§ **Problem to work on**: Here, set down only the lines between the line that contains "Make a statement" and the final line of the material, both included, exactly as written. Skip the pictures.

§ **Information given**:
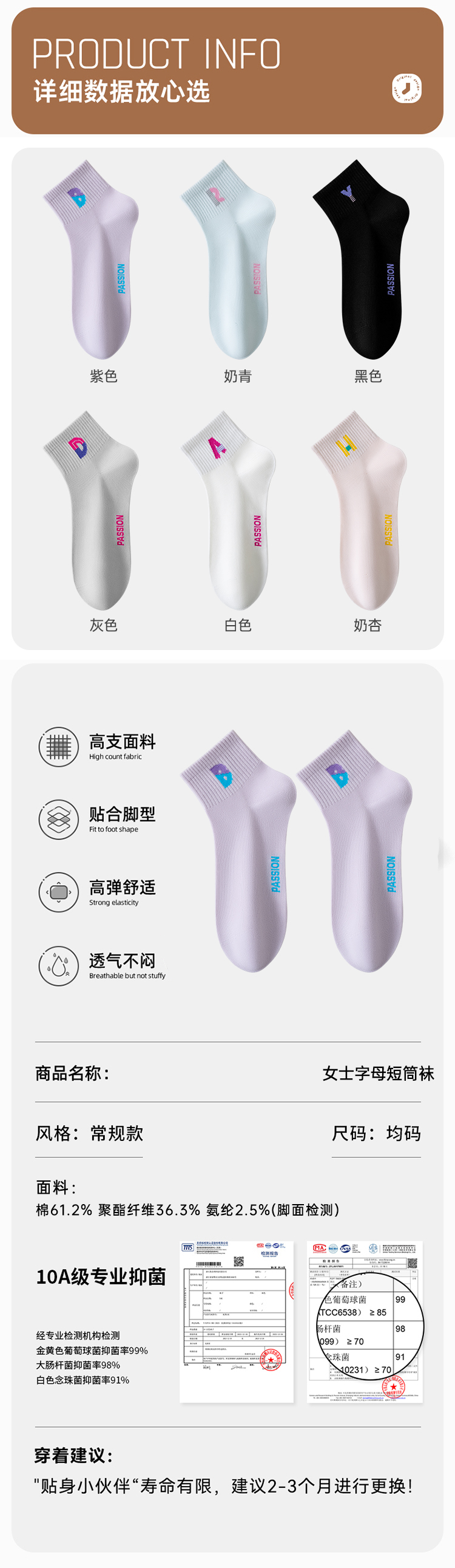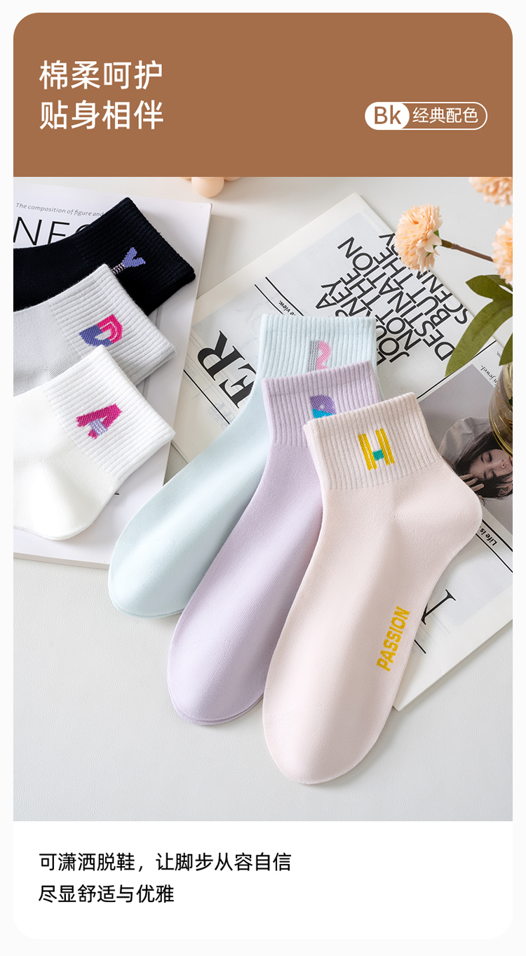 女士字母短筒袜
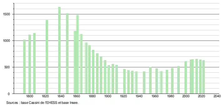 - ↑ Fiches Insee - Populations de référence de la commune pour les années 2006, 2007, 2008, 2009, 2010, 2011, 2012, 2013, 2014, 2015, 2016, 2017, 2018, 2019, 2020, 2021 et 2022.
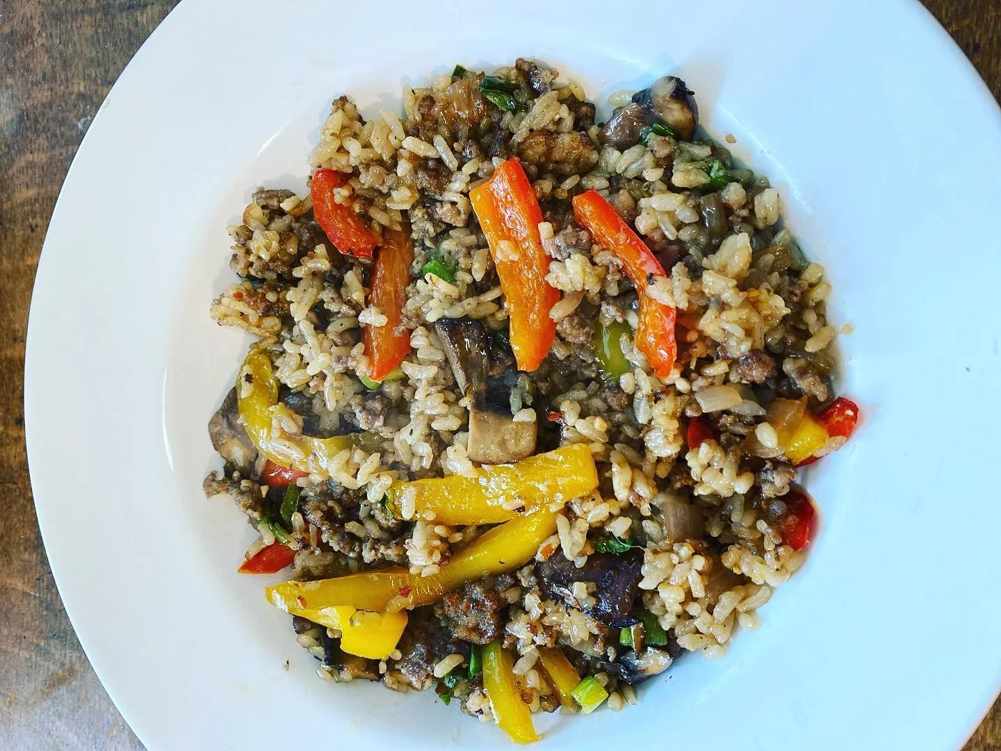 Preheat oven to 450 degrees. Start by cooking and browning the pork in a large pan or wok on medium high heat. While the pork is cooking dice the onion and bell peppers. After pork is fully cooked remove from pan and set aside. In the same pan begin sautéing the onion and bell peppers. Add a bit of olive oil if needed Once the onion and bell peppers are tender add in mushrooms. While the vegetables are cooking whisk together the soy sauce, sesame oil, garlic, and ginger. Once the mushroom are deeply brown in color, add rice. Pour the soy sauce mixture over the rice and stir the vegetable, sauce and rice to combine. Slice up green onions and add. Add the pork back in. Once everything is well incorporated and mixed, take the mixture and spread it on a sheet pan. Bake it in the oven at 450 degrees for 15 minutes until the rice starts to crisp. Once the rice has reached it’s desired crispiness, let cool and indulge.
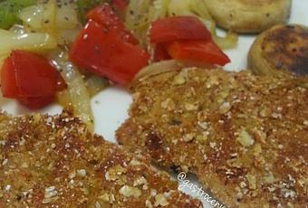 Hoy os comparto unos ricos escalopines de trigo sarraceno, con un empanado muy crujiente que además de llevar el típico pan rallado lleva también copos de trigo sarraceno.
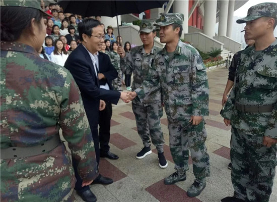 公司领导和老师们的亲切关怀使新生们深受鼓舞,他们用热烈的掌声表达了自己对领导和老师们的感谢。我们相信,2018级新生一定能够高标准、高质量完成军训任务。(编审 胡天赋 陈晴晴)
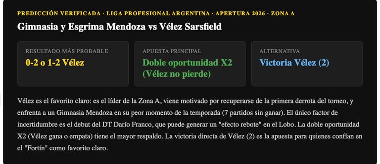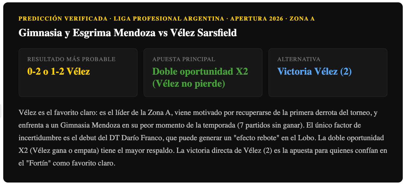 Pronóstico Gimnasia Mendoza vs Vélez Sarsfield — Apertura 2026 Liga Argentina
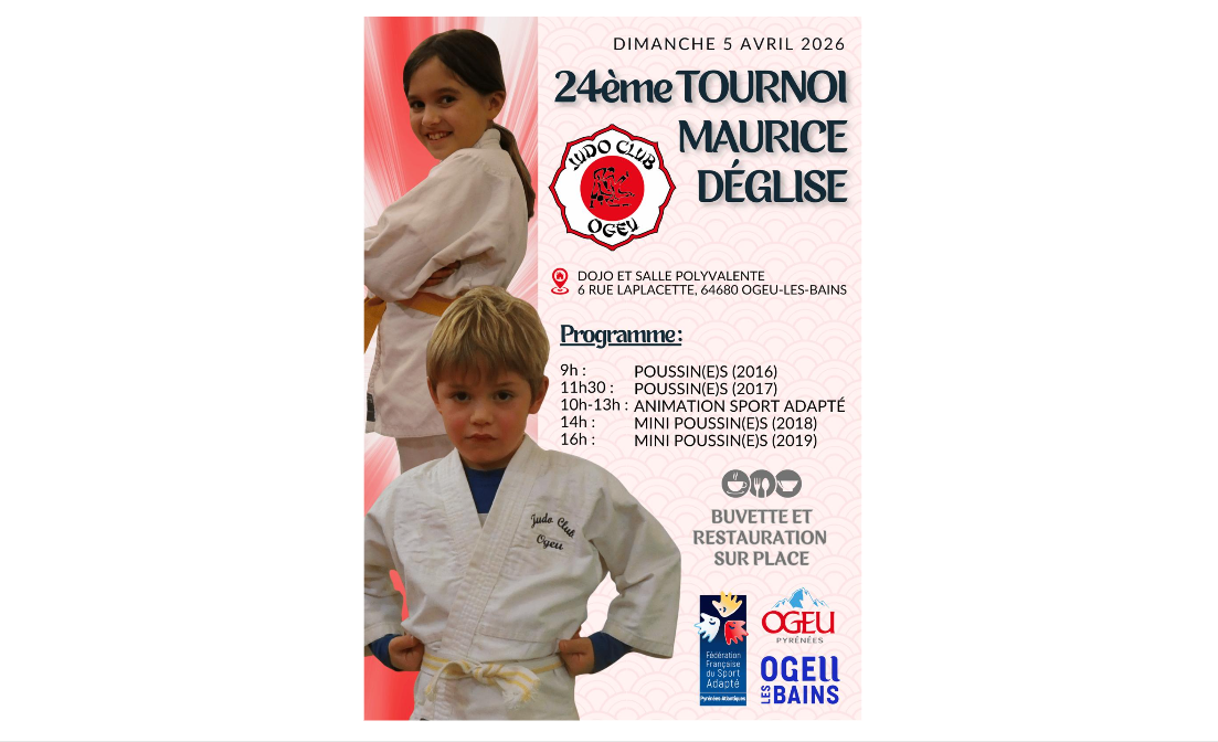 Les mini-poussin(e)s et poussin(e)s de Lescar Judo sont invité(e)s à participer au 24° tournoi Maurice Déglise organisé par le Judo Club Ogeu le dimanche 05 avril 2026 !
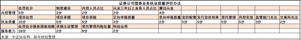 江海证券黄朝阳也对新华财经表示,“从评价办法细则来看,将“执业质量”的分值调为55分,占比超过一半,突出注册制下提高证券公司债券业务执业质量的内涵和要求,评价指标涵盖公司债券业务全链条。”
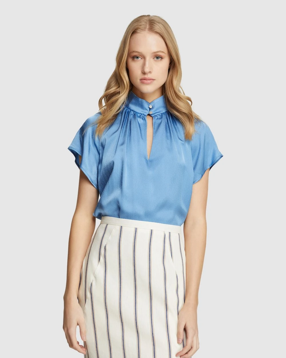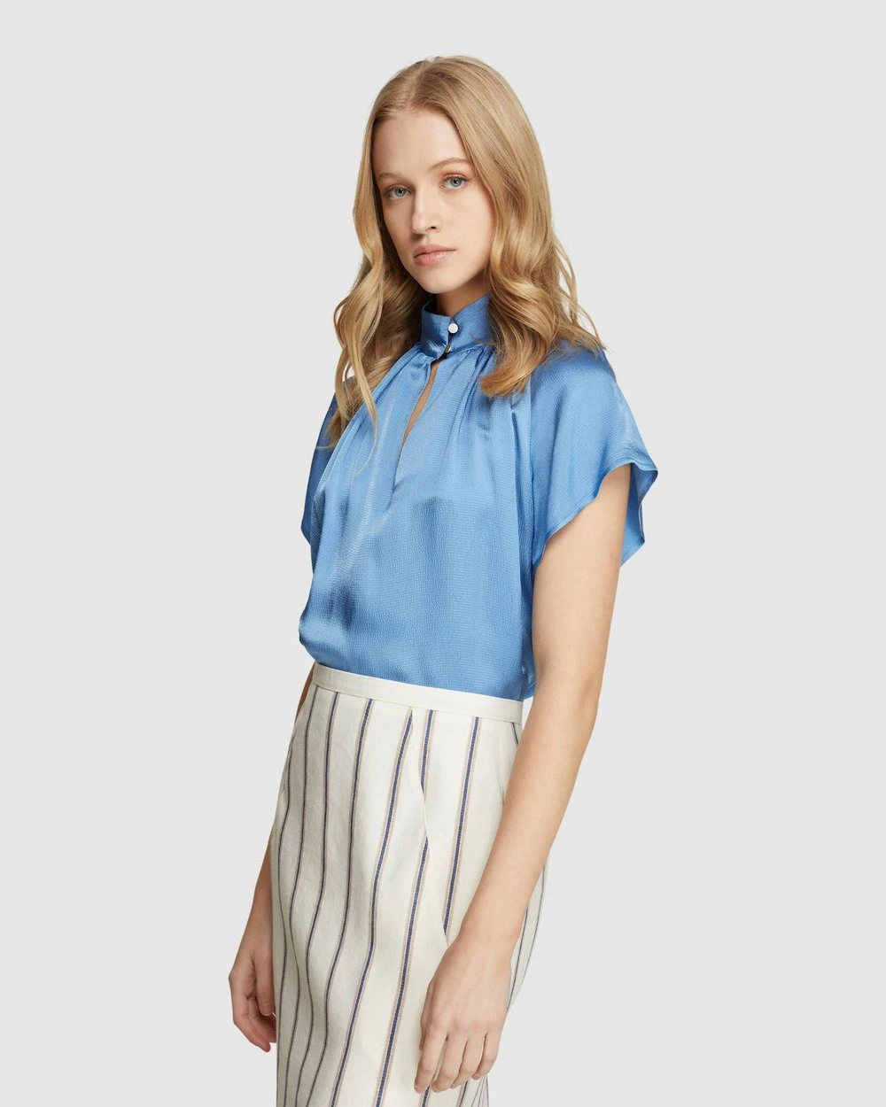 Make a statement in Ariela High Collar Blouse by Oxford. This elegant style is has a silky, textured finish and features a button-up mandarin collar, keyhole neckline, and wide capped sleeves.
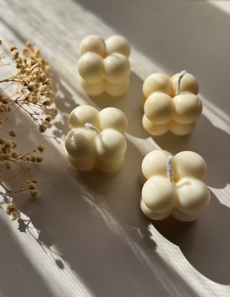 A modern and elegant mini bubble candle, perfect for wedding and christening favors. Handmade with care and designed to suit any celebration.

§ **Solution for this task**:
 Make a statement in Ariela High Collar Blouse by Oxford. This elegant style is has a silky, textured finish and features a button-up mandarin collar, keyhole neckline, and wide capped sleeves.
 A modern and elegant mini bubble candle, perfect for wedding and christening favors. Handmade with care and designed to suit any celebration.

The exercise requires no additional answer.